By contrast, The Daily Telegraph says the huge reduction in Tory membership fees “raises major questions about the health of the party’s grassroots” and “is likely to spark major concerns about the future of the Conservative Party and reignite calls for more to be done to recruit new members, particularly in younger generations”.

While the exact number of Tory members has not been made public, it is believed to be around 100,000, fewer than the half a million members who make up the Labour rank and file.

The data also comes “amid ongoing concern within the Conservatives about the party’s dwindling activist base, not to mention a new entryism threat from supporters of the Brexit-backing Leave.EU group”, says The Independent.

Yet while the Tories’ dwindling membership has been labelled “embarrassing” by former party chairman Grant Shapps, the 100,000 or so, predominantly ageing, grassroots members still retain an inordinate amount of power.

Under party rules, anyone who has been a member for more than three months can vote for their preferred candidate from a shortlist of two, selected by Conservative MPs in a series of ballots.

This has raised fears that the roughly 88,000 Leave.EU members could swing a potential leadership contest, and therefore the next prime minister, in favour of a hardline Brexiteer candidate such as Boris Johnson or Jacob Rees-Mogg.

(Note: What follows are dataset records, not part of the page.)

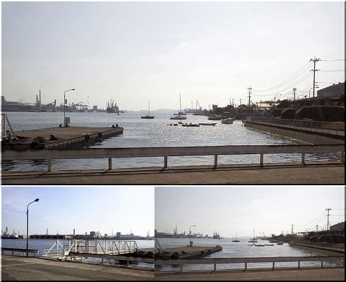 この福山港の岸壁近くは決して美しい瀬戸内の海ではありませんで、よくよく見ますと真っ黒というか茶色っぽい汚れた色。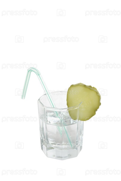 Стеклянный бокал с вином и водкой, а на изолированном белом фоне - кольцо огурца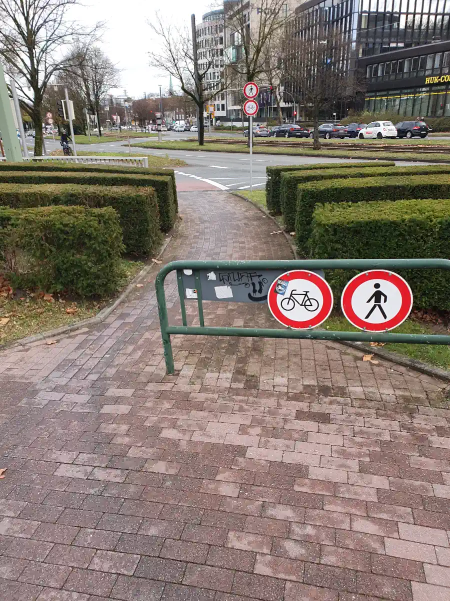 Sperre in Richtung AdenauerplatzIn der derzeitigen Gestaltung ist diese Sperre nicht mehr notwendig, da man über Furten bis zur anderen Seite der Einmündung Johannistal gelangen könnte. Allerdings gibt es zur Zeit noch keine Ampelsignalisierung für diese Verbindung, weshalb die Einfahrt für Radfahrende bzw. der Zutritt für Fußgänger verboten ist.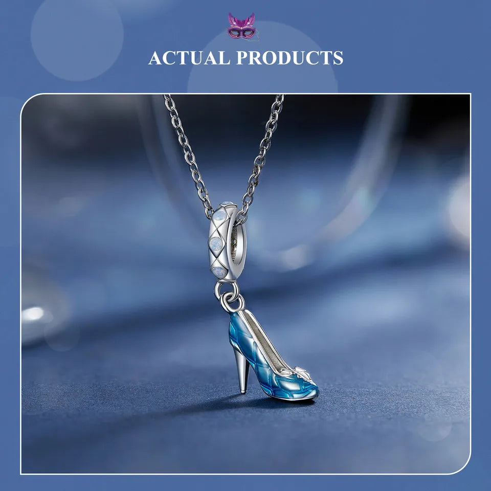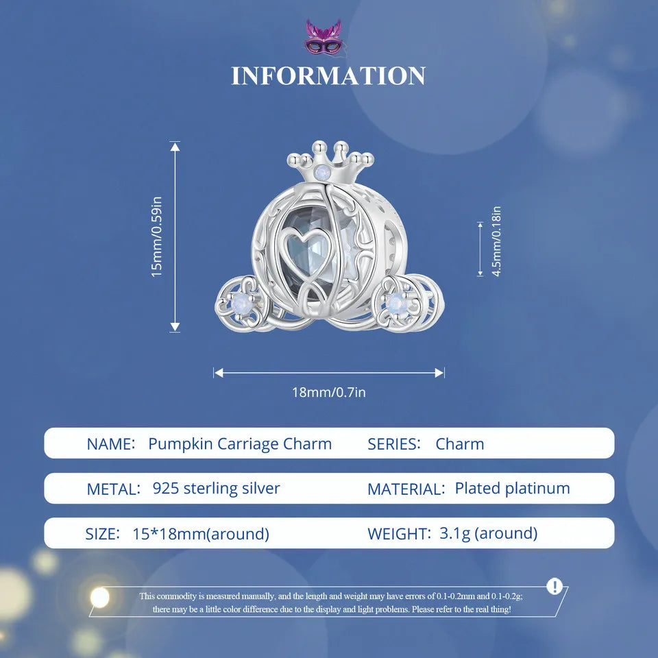 Sterling Silver Pumpkin Carriage & Dancing Shoes Charm Bead – Heart-Shaped Pendant for DIY Bracelets

On yet another front, the chairman of the Campaign for Conservative Democracy, John Strafford, has written to the Tory party board urging a rule-change so that any MP with the support of a mere 20 parliamentary colleagues can go forward to a final ballot of the grassroots members.

The reason, says Matthew D’Ancona in the London Evening Standard, is that Brexiteers fear Tory MPs “might contrive to exclude Boris Johnson (or his understudy, Jacob Rees-Mogg) from the final pair of candidates put forward to the membership”.

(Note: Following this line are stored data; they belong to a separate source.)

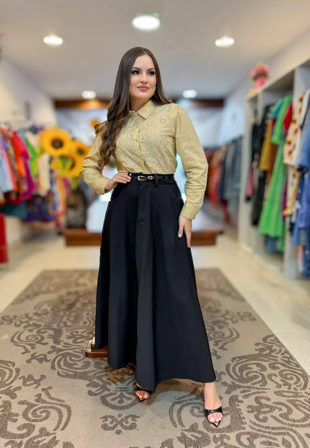 Tecido alafaiataria com bolsos funcionais, zíper e passante para o cinto. ( Não acompanha o cinto).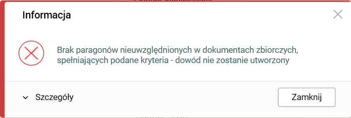 Jeżeli w systemie nie ma już paragonów nieprzypisanych do żadnego dokumentu zbiorczego, a użytkownik uruchomi procedurę generującą taki dokument, to pojawi się komunikat informacyjny, że nie ma paragonów spełniających podane kryteria i dokument zbiorczy nie zostanie utworzony.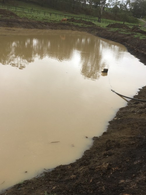It’s quite amazing how much this has gained over night. I can see that the water table has been restored, rejuvenated, returned to a state of normality. You can see the poly-water pipe and the float that keeps the suction off the bottom. We use this body of water to irrigate. We have not irrigated for weeks and weeks. This coming back is huge to the farm.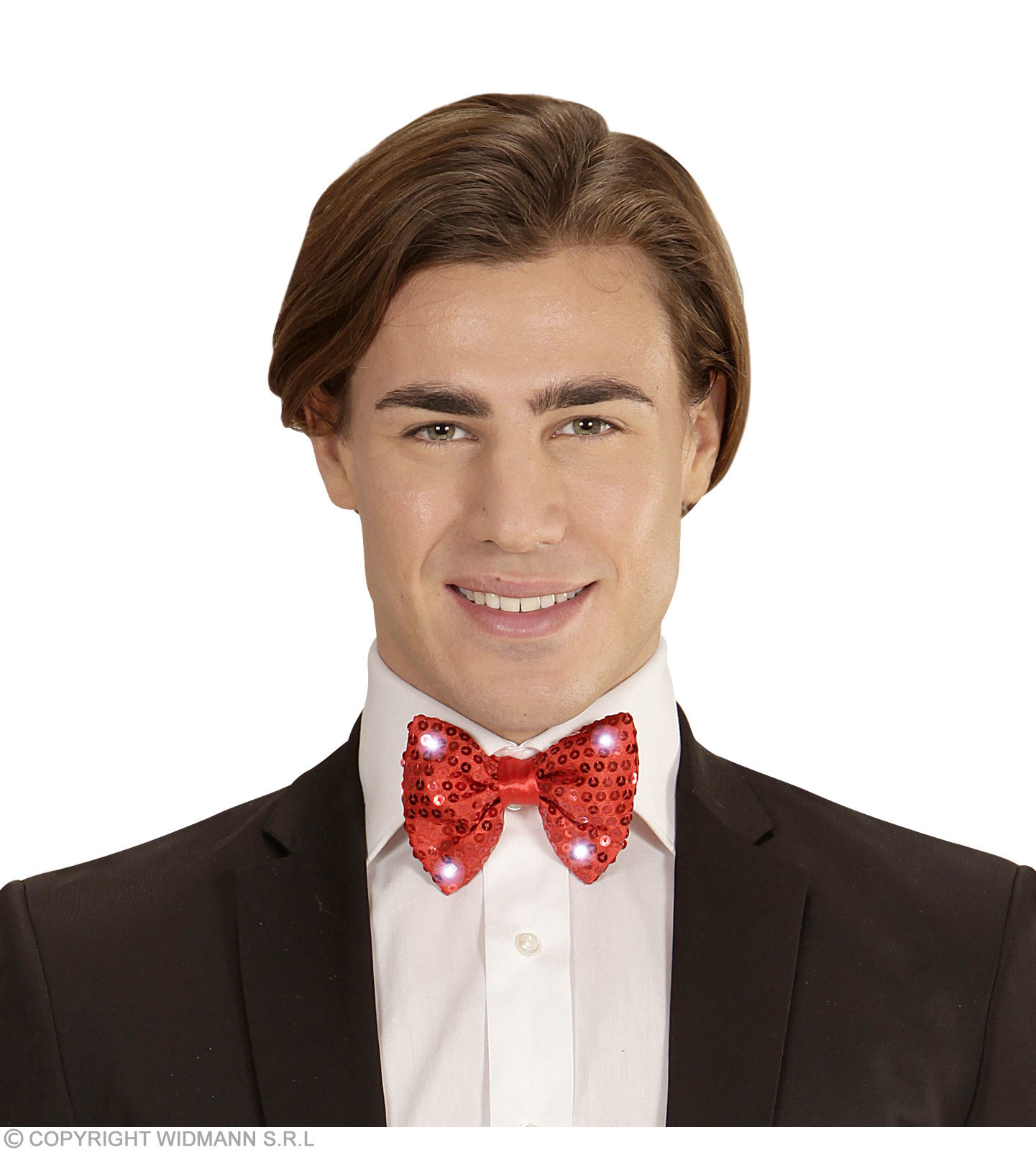 WidmannNœud papillon pailleté rouge avec 4 lumières LED clignotantes - Le nœud est réglable

Since William Hague changed the Tory leadership election rules 20 year ago in a bid to keep out Europhile rival Ken Clarke, “the spirit of the age has shifted even farther towards direct democracy and populism” says D’Ancona. “Strafford’s proposal — which would all but remove Conservative MPs from the selection process — is in keeping with this zeitgeist”.

That said, “in findings that will offer some relief to the prime minister”, an ICM survey for The Guardian found that voters believe the Tories would be more likely to lose the next election if Theresa May was replaced by Johnson or five other potential successors.

The only scenario deemed likely to improve Tory prospects, according to the poll, was if the party was led by an unspecified person who was “quite young and able [and] not currently in government”, potentially raising the prospects of Scottish Tory leader Ruth Davidson.